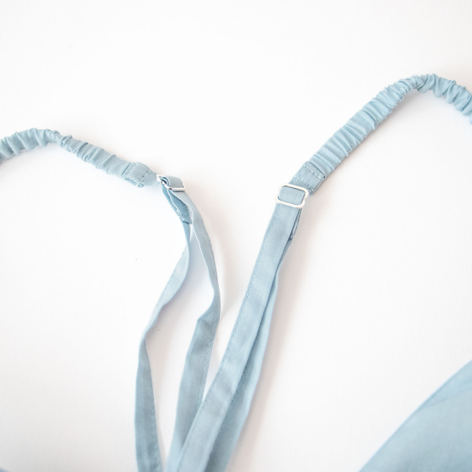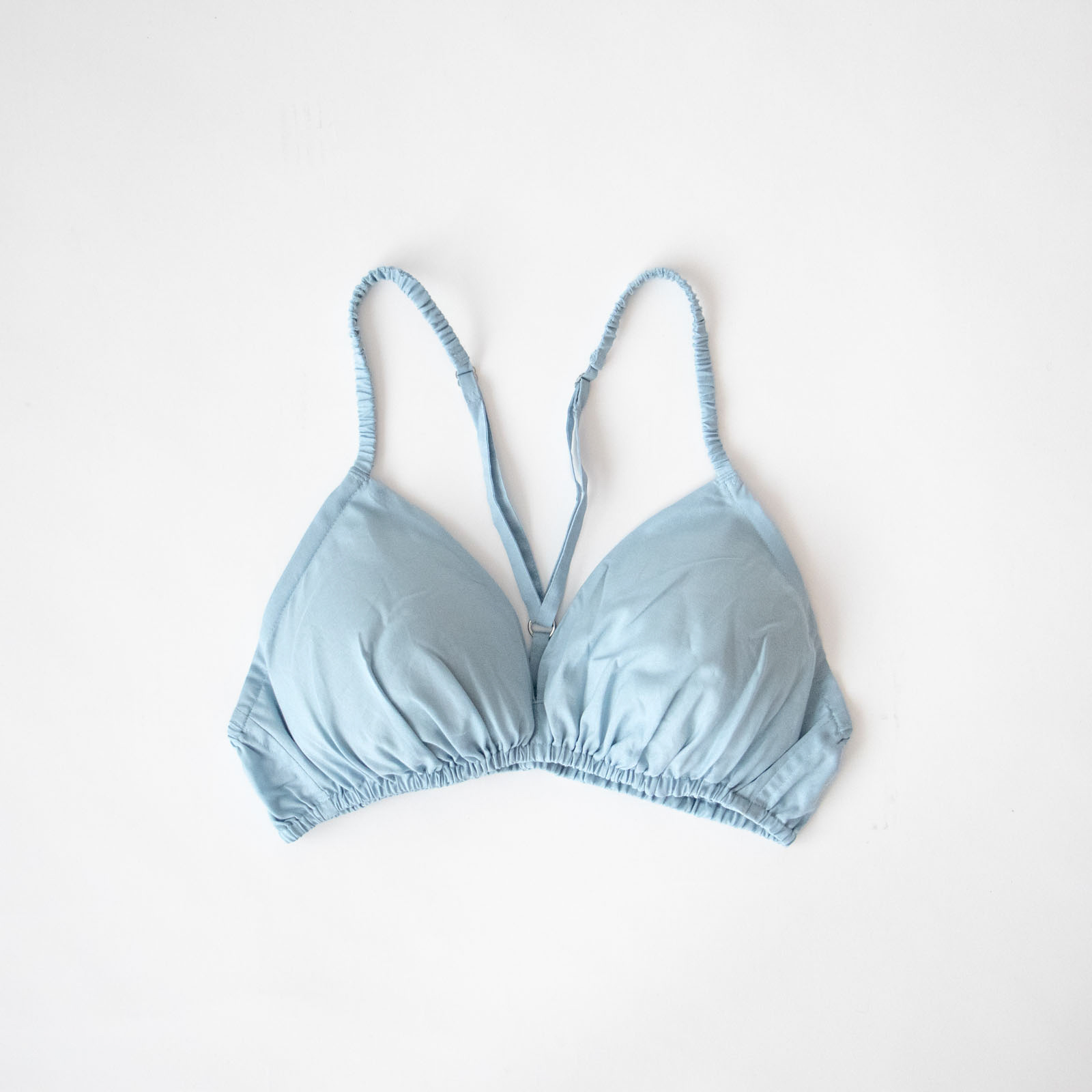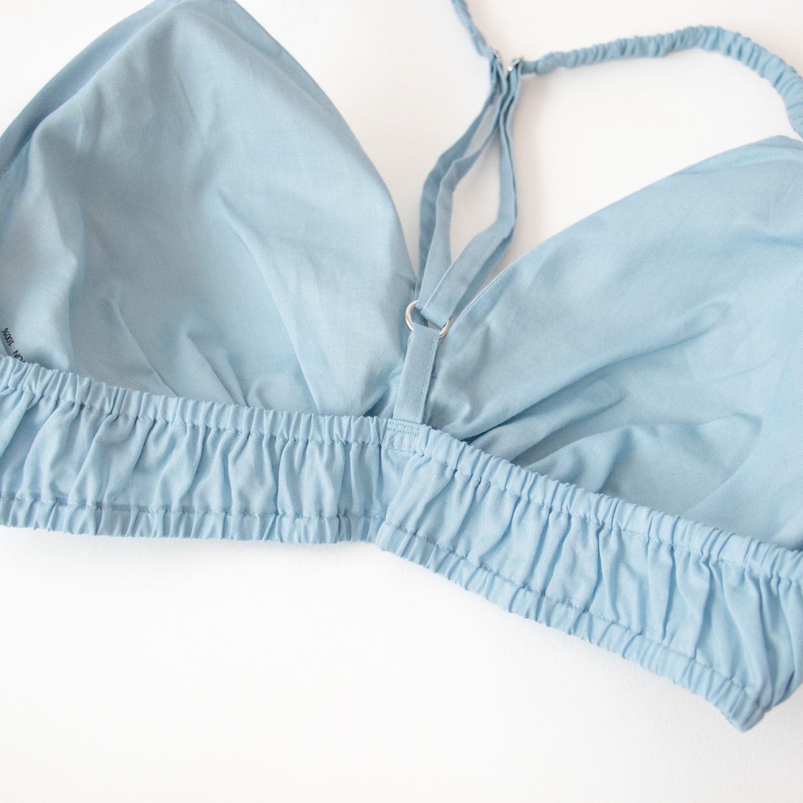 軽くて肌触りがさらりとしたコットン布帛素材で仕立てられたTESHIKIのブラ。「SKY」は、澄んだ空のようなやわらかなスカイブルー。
--
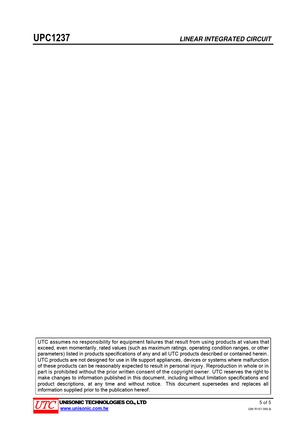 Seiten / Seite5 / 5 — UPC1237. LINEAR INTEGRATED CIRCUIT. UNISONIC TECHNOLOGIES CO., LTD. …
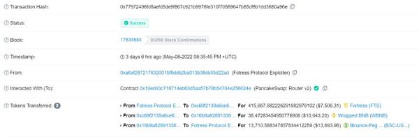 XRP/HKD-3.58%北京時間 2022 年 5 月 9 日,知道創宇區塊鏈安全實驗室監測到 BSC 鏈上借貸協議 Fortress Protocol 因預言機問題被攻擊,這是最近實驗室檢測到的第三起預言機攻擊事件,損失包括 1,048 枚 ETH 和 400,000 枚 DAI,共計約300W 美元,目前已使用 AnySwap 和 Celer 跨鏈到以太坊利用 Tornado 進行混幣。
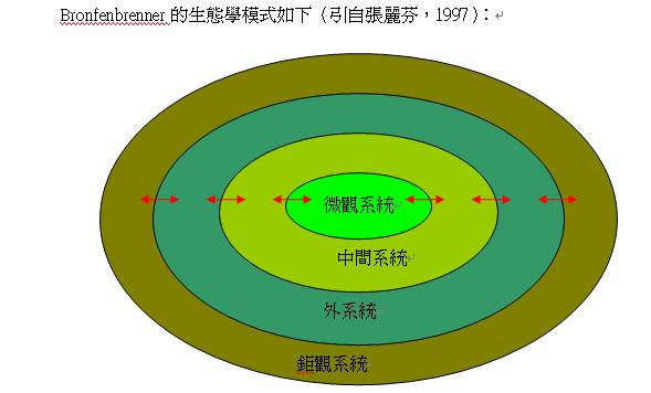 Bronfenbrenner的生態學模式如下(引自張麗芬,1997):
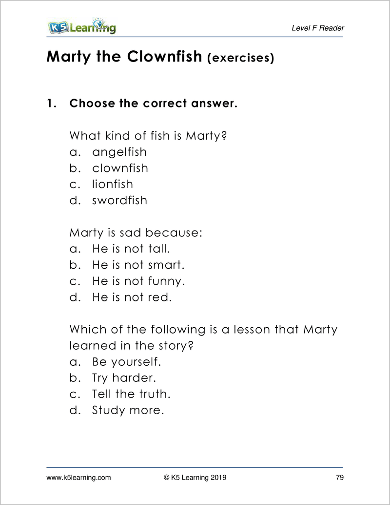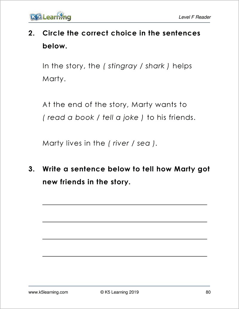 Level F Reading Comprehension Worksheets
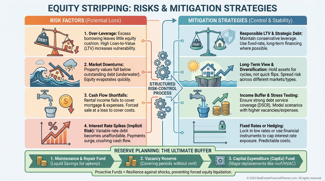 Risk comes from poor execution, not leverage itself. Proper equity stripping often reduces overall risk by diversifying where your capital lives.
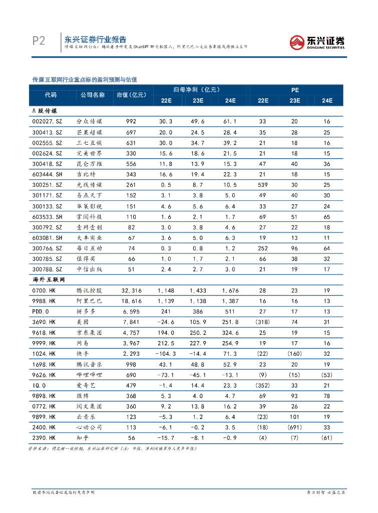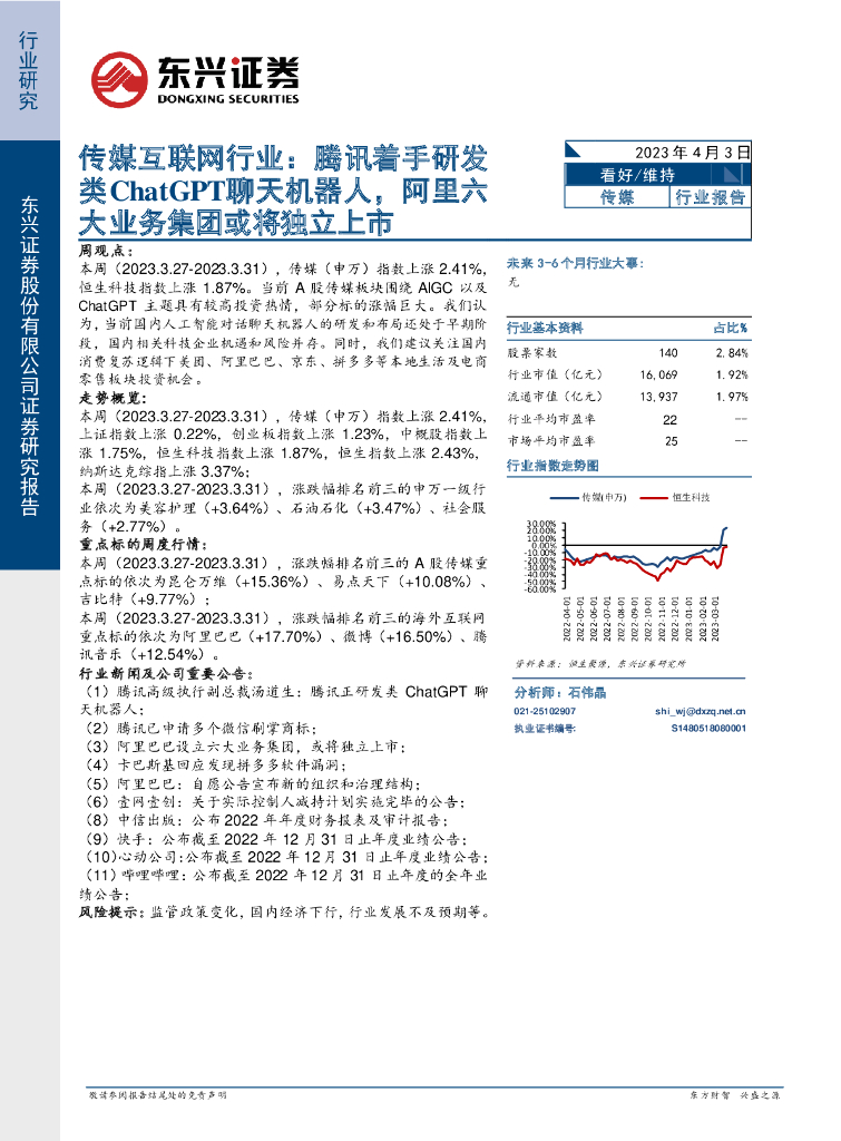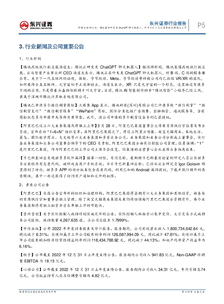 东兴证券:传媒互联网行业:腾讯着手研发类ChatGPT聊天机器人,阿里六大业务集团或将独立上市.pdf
...
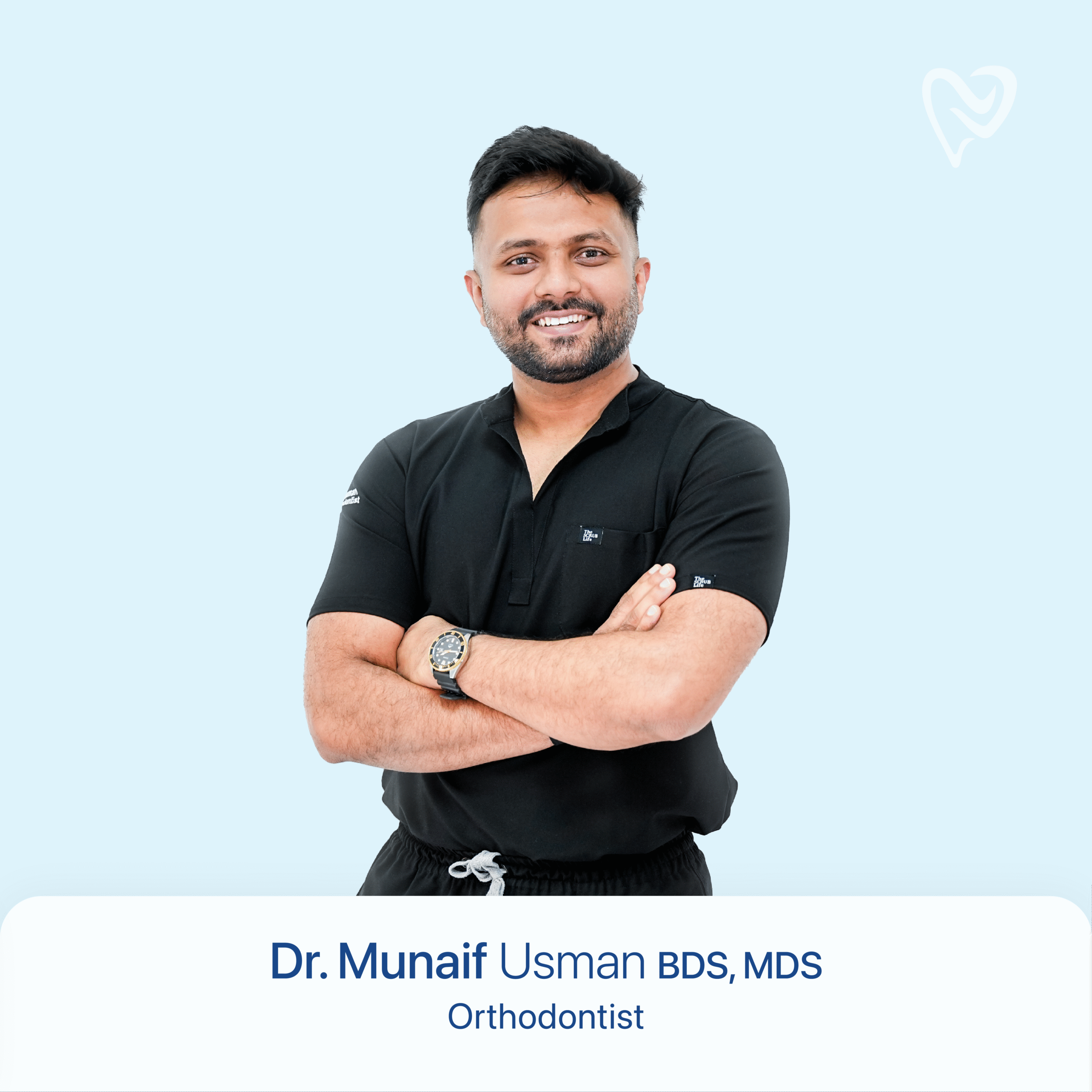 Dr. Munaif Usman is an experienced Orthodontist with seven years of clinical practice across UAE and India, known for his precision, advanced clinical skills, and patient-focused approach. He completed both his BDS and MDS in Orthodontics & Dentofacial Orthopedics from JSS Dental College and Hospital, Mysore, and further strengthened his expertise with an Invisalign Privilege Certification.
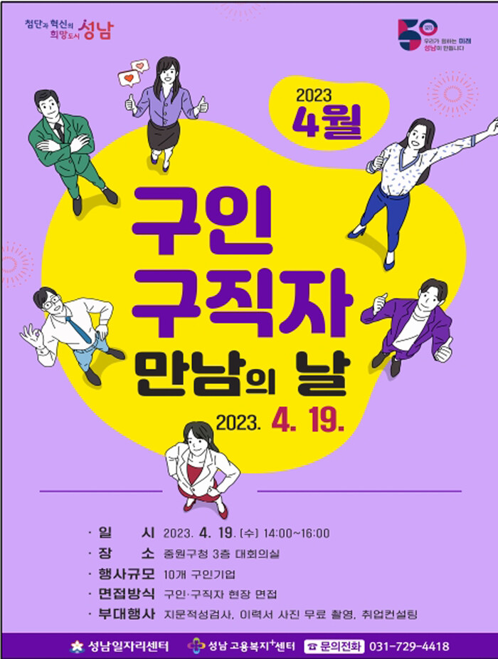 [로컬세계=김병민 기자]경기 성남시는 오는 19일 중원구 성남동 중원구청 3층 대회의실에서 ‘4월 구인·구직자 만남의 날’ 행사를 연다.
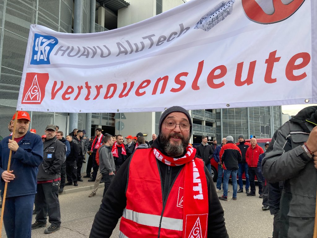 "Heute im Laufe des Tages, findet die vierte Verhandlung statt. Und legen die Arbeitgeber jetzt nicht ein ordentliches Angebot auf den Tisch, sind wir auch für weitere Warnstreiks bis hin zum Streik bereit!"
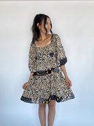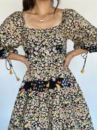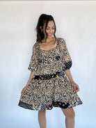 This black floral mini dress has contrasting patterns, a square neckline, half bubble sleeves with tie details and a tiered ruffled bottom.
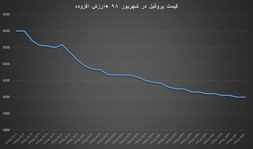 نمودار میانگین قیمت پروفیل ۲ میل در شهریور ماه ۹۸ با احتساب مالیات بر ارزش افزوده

BRIEF » Reproduce the listing above exactly from the line containing "This black floral" up to and including the line containing "نمودار میانگین قیمت", omitting any images and everything outside those lines.

EXERCISE RESULT »
 This black floral mini dress has contrasting patterns, a square neckline, half bubble sleeves with tie details and a tiered ruffled bottom.
 نمودار میانگین قیمت پروفیل ۲ میل در شهریور ماه ۹۸ با احتساب مالیات بر ارزش افزوده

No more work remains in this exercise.